The U.S. Supreme Court recently heard arguments in the case of Polselli v. IRS, and the ruling will determine the limits of taxpayer privacy, Kiplinger Consumer News Service reported.

The question before the high court is whether the IRS can secretly obtain a relative’s bank records. The dispute began when the plaintiff, owing more than $2 million in taxes to the IRS, paid some of his tax liability through a limited liability company that he owned, prompting the IRS to look more closely at his financial records. The IRS issued a number of administrative summonses to Polselli to determine whether he was shielding assets. The agency then issued summonses to his wife’s bank and to two other banks where his law firm had accounts, but it did not notify his wife or the law firm that it was trying to obtain the banking information.

Section 7602 of the Internal Revenue Code (IRC) allows the IRS to issue a summons seeking information “[f]or the purpose of ascertaining the correctness of any return,” including books, papers, records, or other data, and can require testimony under oath.

The plaintiff, his wife and his law firm argued that that the IRS should have to notify them if it is going to send a summons for their information to their banks, and that it should not be able to require such records of a taxpayer’s relatives or associates who do not owe the IRS without notice.

The IRS claimed that it has the statutory authority to seek those records without notice to aid in the collection of the plaintiff’s delinquent taxes.
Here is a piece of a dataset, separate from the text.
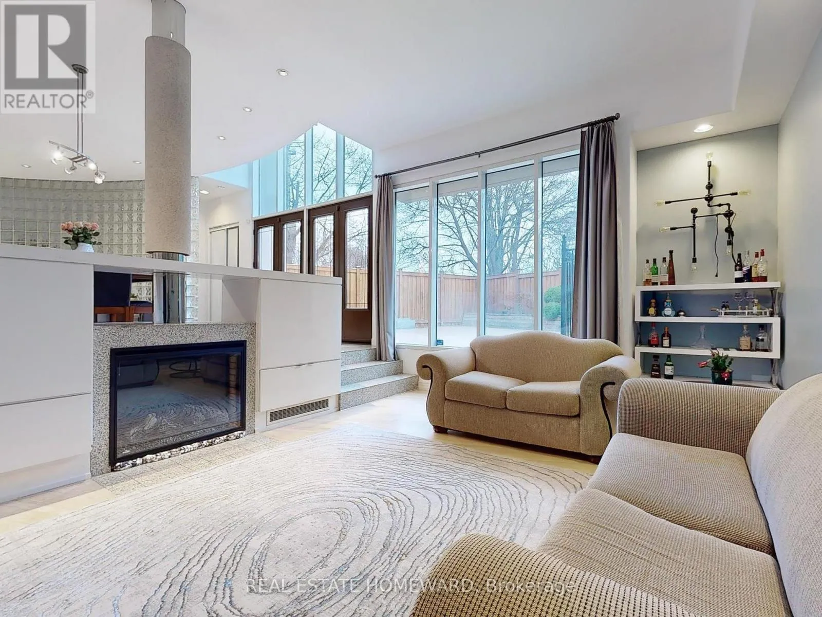 Cross Streets: York Mills /Don Mills. ** Directions: York Mills/Dvp. ***Built on Two Lots*** ,This exceptional home was designed by renowned architect Susan Black, whose visionary work earned an award for this very design. The house showcases her signature blend of innovation and elegance, making it not just a residence but a piece of architectural history. Featured in the Globe and Mail on November 20 2005 , this house is celebrated as "Thoroughly modern but never cold" . The main floor boasts five expansive living areas seamlessly connected , with no doors to divide the space yet offering an intimate sense of privacy. A stunning 14 foot cathedral ceiling, loft inspired design elements, and open spaces create an atmosphere of grandeur. Four glass doors lead to different areas of the backyard, ensuring a harmonious indoor-outdoor flow. With 6 fireplaces scattered throughout, this home becomes the ultimate destination for both vibrant entertaining and cozy family evenings. The master suite is truly a dream come true, a retreat with two walks-out to a private terrace the size of a one-bedroom condo . This luxurious space is set apart from the rest of the second floor by a floating passage, offering tranquility and exclusivity. A diagonal skylight spans the entire second floor, flooding the home with natural light. The spa-like ensuite pampers you with a hidden sauna, while the extended skylight illuminates the walk-in closet and the hallway leading to the second floor common area . Here, you'll find a cozy space, perfect for a reading nook or a nightly gathering before bedtime. This area connects the remote master bedroom to another three generously sized bedrooms and invites you to pause and reflect. Floor to ceiling loft-sized windows stretch from ground to roof, framing breathtaking views of each season , filling the house with light. This one-of-a-kind residence , is designed for those who value elegance , openness and the perfect balance of modern comfort and timeless warmth. (id:27476)

While previous federal cases have not resolved whether notice is required when IRS summonses are for information from people’s accounts who do not owe the IRS taxes, legal precedent exists for the IRS’s summoning records without notice when a taxpayer who owes has a recognizable interest in the requested information.

The high court will determine whether there is an exception to the general rule that notice is not required for summonses issued to to third-party record keepers to aid in the collection of tax debt. Such an exception might arise when the summonses involve records of individuals who do not have an IRS tax liability, such as spouses.